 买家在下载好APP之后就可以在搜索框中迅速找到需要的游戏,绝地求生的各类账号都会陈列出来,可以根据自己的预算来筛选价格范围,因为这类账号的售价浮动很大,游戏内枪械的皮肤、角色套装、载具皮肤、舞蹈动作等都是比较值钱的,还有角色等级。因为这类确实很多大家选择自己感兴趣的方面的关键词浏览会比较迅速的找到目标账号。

■ ■ ■ ■ ■ ■ ■

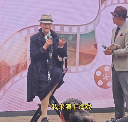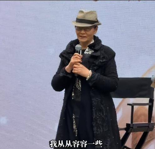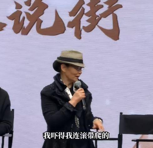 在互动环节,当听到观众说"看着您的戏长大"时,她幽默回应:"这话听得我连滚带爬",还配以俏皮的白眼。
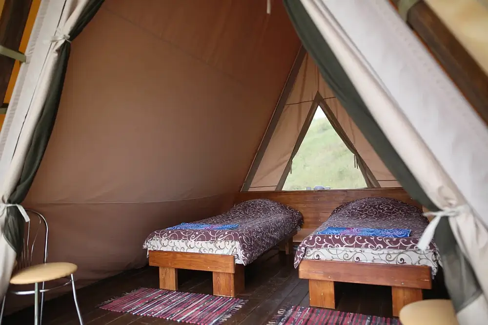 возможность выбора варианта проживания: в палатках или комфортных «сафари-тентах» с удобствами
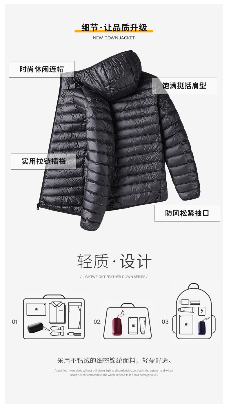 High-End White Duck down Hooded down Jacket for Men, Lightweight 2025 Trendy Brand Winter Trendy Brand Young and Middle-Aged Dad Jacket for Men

■ ■ ■ ■ ■ ■ ■

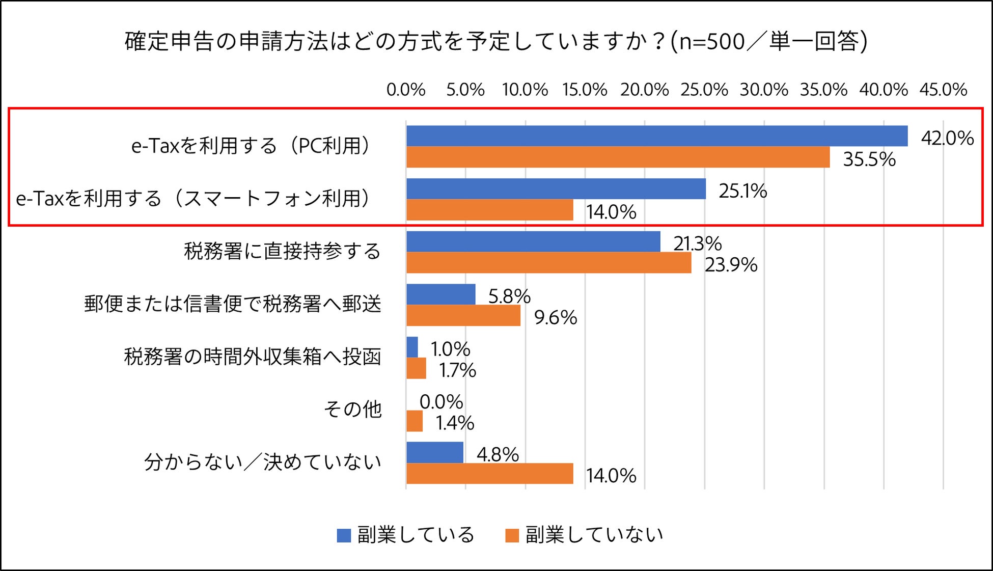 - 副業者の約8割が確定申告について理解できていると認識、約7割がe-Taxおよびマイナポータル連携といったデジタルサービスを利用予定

■ ■ ■ ■ ■ ■ ■

Reproduce the data above exactly, but only from the line containing "возможность выбора варианта" through the line containing "High-End White Duck". Omit all pictures.

#### Reply:
 возможность выбора варианта проживания: в палатках или комфортных «сафари-тентах» с удобствами
 High-End White Duck down Hooded down Jacket for Men, Lightweight 2025 Trendy Brand Winter Trendy Brand Young and Middle-Aged Dad Jacket for Men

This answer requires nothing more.